Please return each entry exactly as it appears, but not the pictures.

___ Given records ___

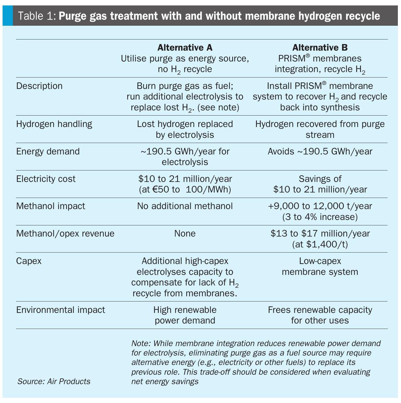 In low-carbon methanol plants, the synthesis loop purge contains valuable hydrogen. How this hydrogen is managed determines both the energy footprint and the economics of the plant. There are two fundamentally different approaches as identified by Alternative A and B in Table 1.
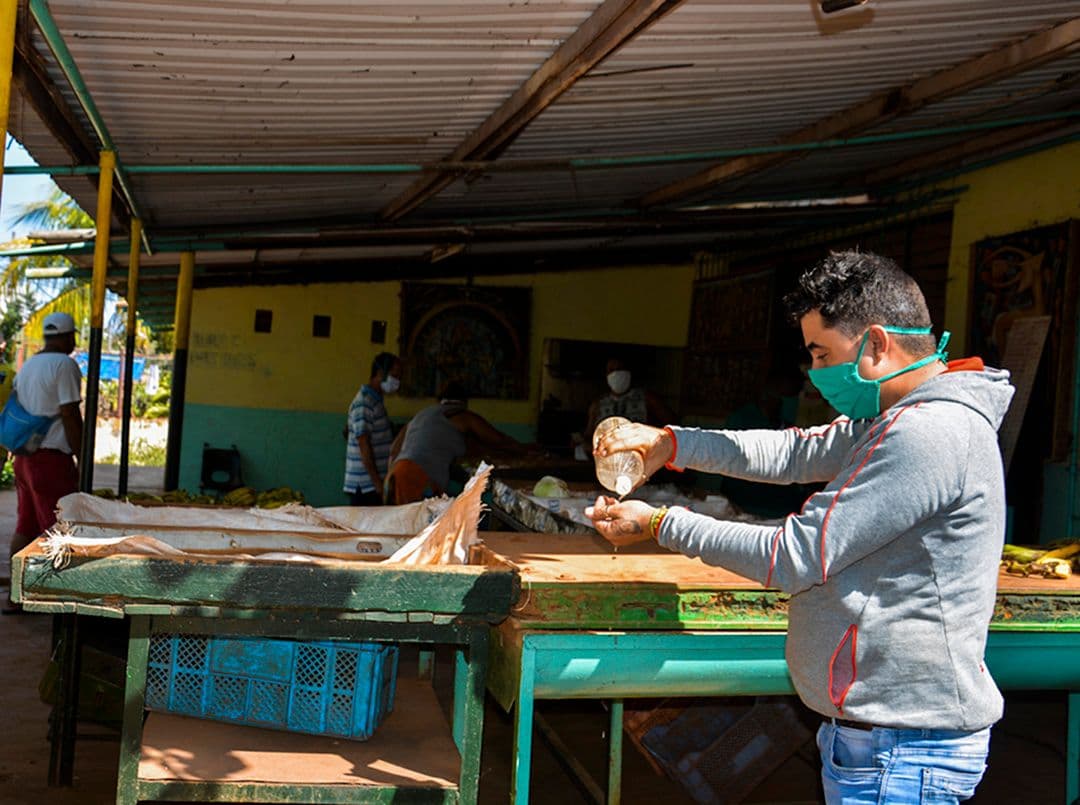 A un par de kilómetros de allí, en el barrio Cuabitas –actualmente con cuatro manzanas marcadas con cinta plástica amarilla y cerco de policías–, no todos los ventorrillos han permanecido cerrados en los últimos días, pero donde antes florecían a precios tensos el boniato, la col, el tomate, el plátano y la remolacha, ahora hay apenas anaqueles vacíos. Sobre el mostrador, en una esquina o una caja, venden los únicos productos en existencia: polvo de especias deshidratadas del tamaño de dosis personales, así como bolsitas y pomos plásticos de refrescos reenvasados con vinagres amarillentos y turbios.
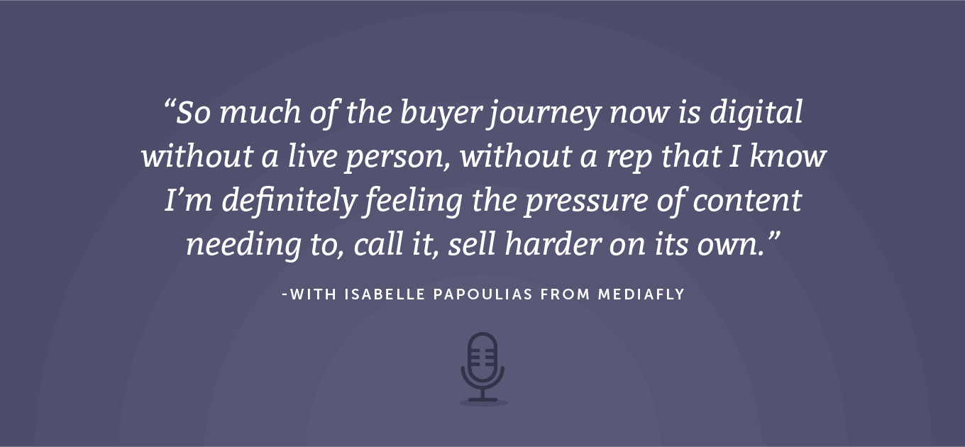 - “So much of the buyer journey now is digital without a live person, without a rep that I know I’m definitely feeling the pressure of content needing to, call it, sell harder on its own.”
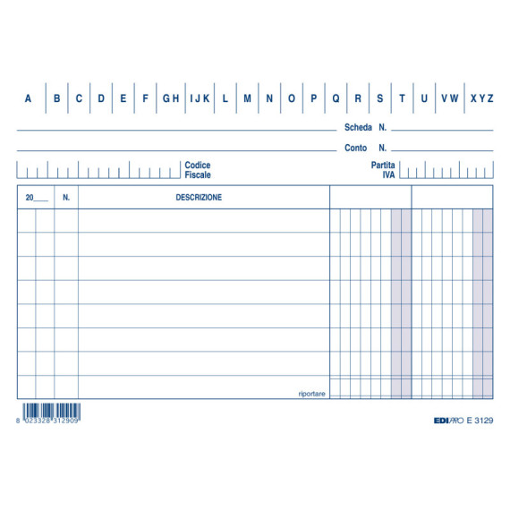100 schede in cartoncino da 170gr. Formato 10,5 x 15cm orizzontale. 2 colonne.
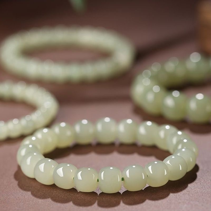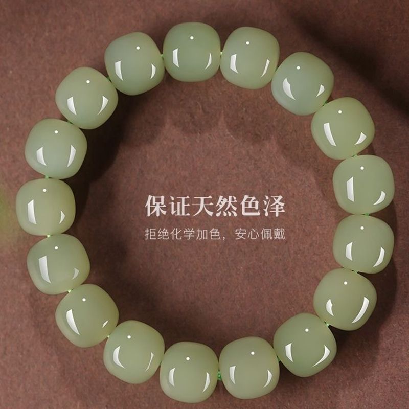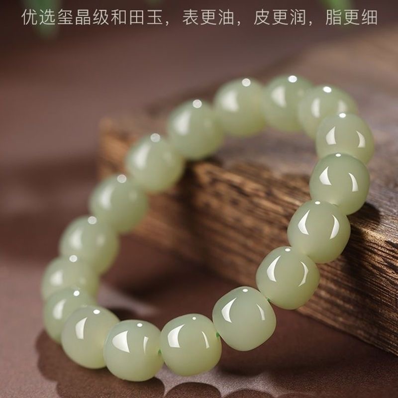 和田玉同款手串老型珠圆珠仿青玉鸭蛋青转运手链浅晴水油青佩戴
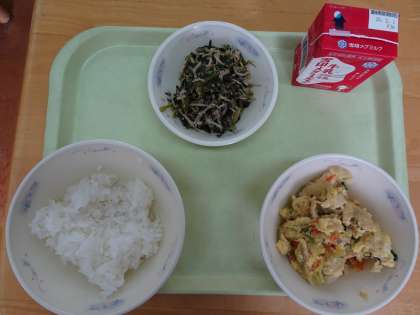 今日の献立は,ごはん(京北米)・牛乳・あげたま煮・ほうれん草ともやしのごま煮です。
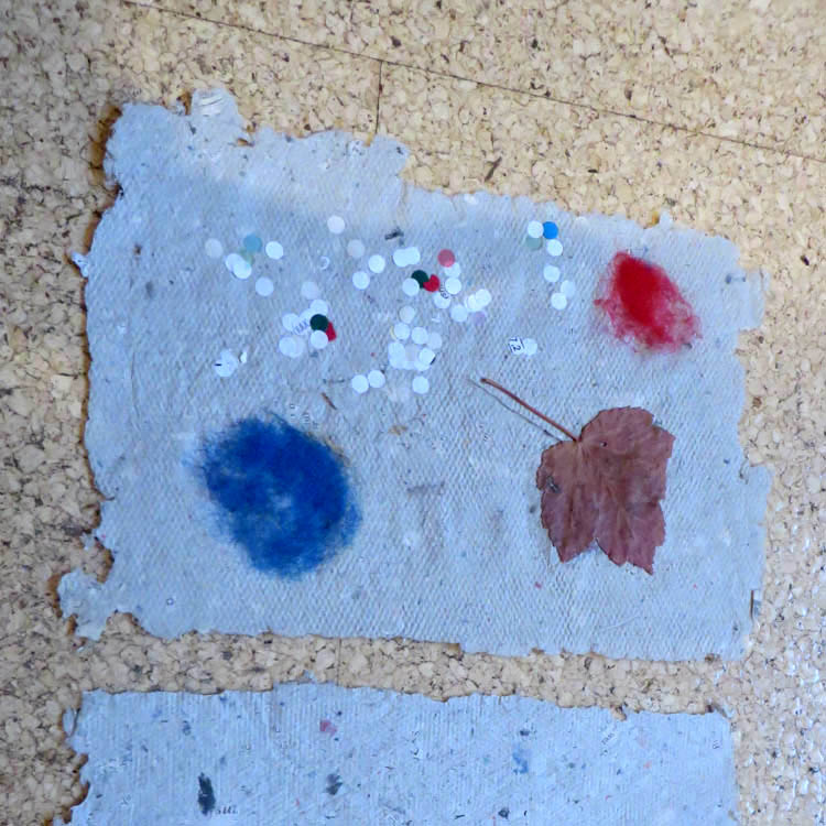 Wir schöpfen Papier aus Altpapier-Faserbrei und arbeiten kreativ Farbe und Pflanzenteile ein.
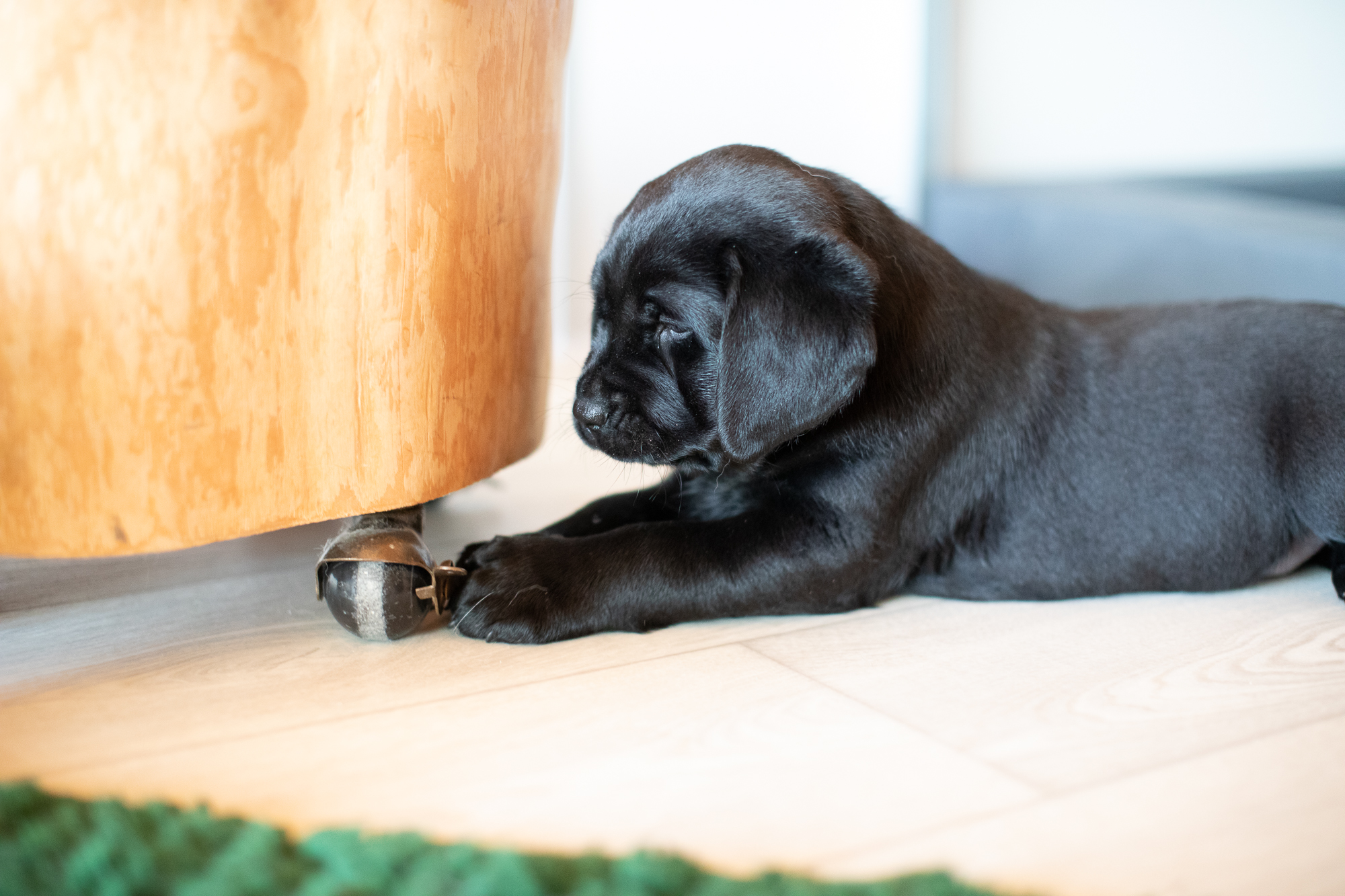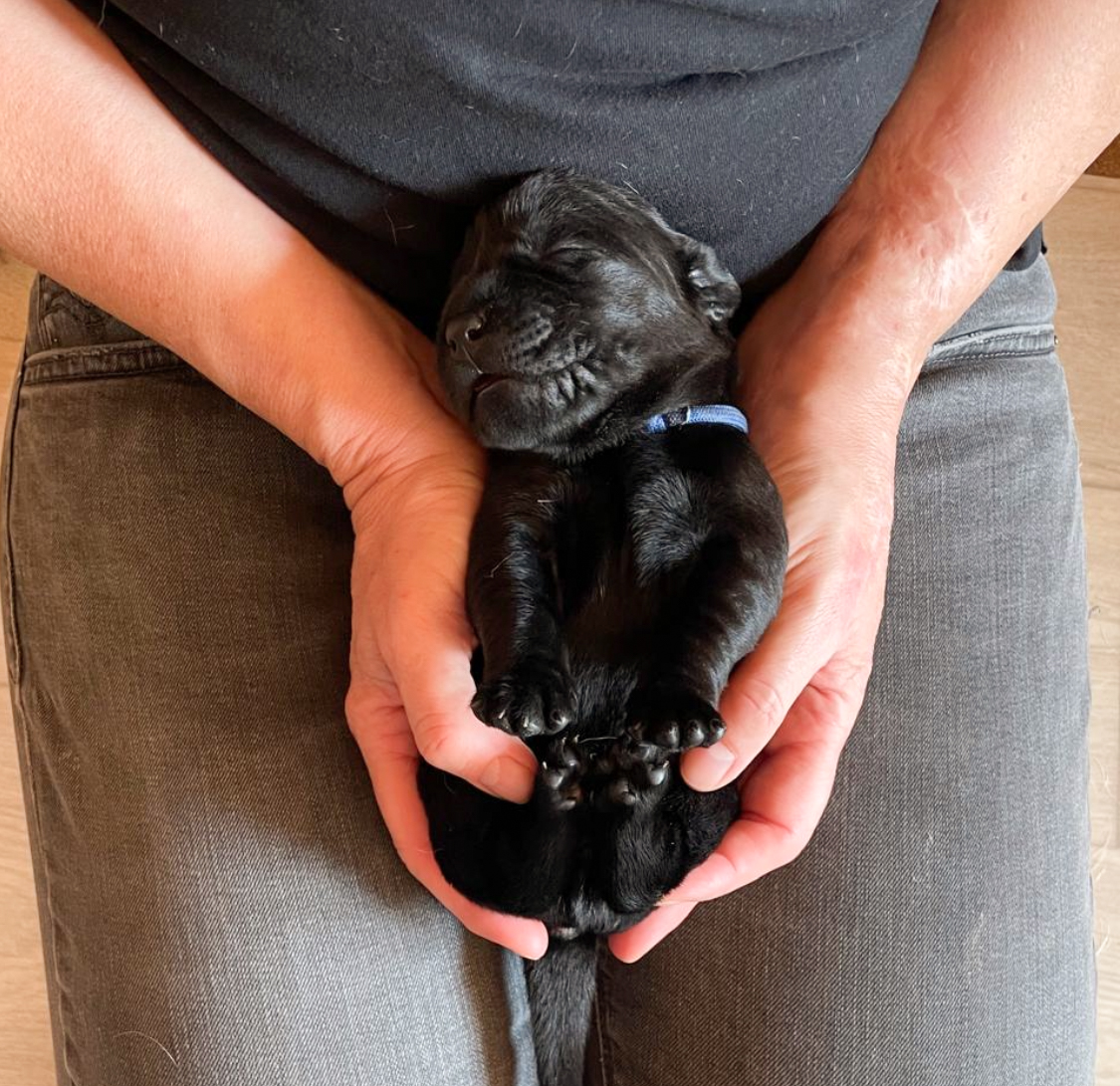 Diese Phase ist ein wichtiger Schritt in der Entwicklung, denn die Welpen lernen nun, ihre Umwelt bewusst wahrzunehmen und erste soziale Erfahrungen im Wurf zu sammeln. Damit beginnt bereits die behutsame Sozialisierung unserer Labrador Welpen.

___

*Result of this task*:
 In low-carbon methanol plants, the synthesis loop purge contains valuable hydrogen. How this hydrogen is managed determines both the energy footprint and the economics of the plant. There are two fundamentally different approaches as identified by Alternative A and B in Table 1.
 A un par de kilómetros de allí, en el barrio Cuabitas –actualmente con cuatro manzanas marcadas con cinta plástica amarilla y cerco de policías–, no todos los ventorrillos han permanecido cerrados en los últimos días, pero donde antes florecían a precios tensos el boniato, la col, el tomate, el plátano y la remolacha, ahora hay apenas anaqueles vacíos. Sobre el mostrador, en una esquina o una caja, venden los únicos productos en existencia: polvo de especias deshidratadas del tamaño de dosis personales, así como bolsitas y pomos plásticos de refrescos reenvasados con vinagres amarillentos y turbios.
 - “So much of the buyer journey now is digital without a live person, without a rep that I know I’m definitely feeling the pressure of content needing to, call it, sell harder on its own.”
100 schede in cartoncino da 170gr. Formato 10,5 x 15cm orizzontale. 2 colonne.
 和田玉同款手串老型珠圆珠仿青玉鸭蛋青转运手链浅晴水油青佩戴
 今日の献立は,ごはん(京北米)・牛乳・あげたま煮・ほうれん草ともやしのごま煮です。
 Wir schöpfen Papier aus Altpapier-Faserbrei und arbeiten kreativ Farbe und Pflanzenteile ein.
 Diese Phase ist ein wichtiger Schritt in der Entwicklung, denn die Welpen lernen nun, ihre Umwelt bewusst wahrzunehmen und erste soziale Erfahrungen im Wurf zu sammeln. Damit beginnt bereits die behutsame Sozialisierung unserer Labrador Welpen.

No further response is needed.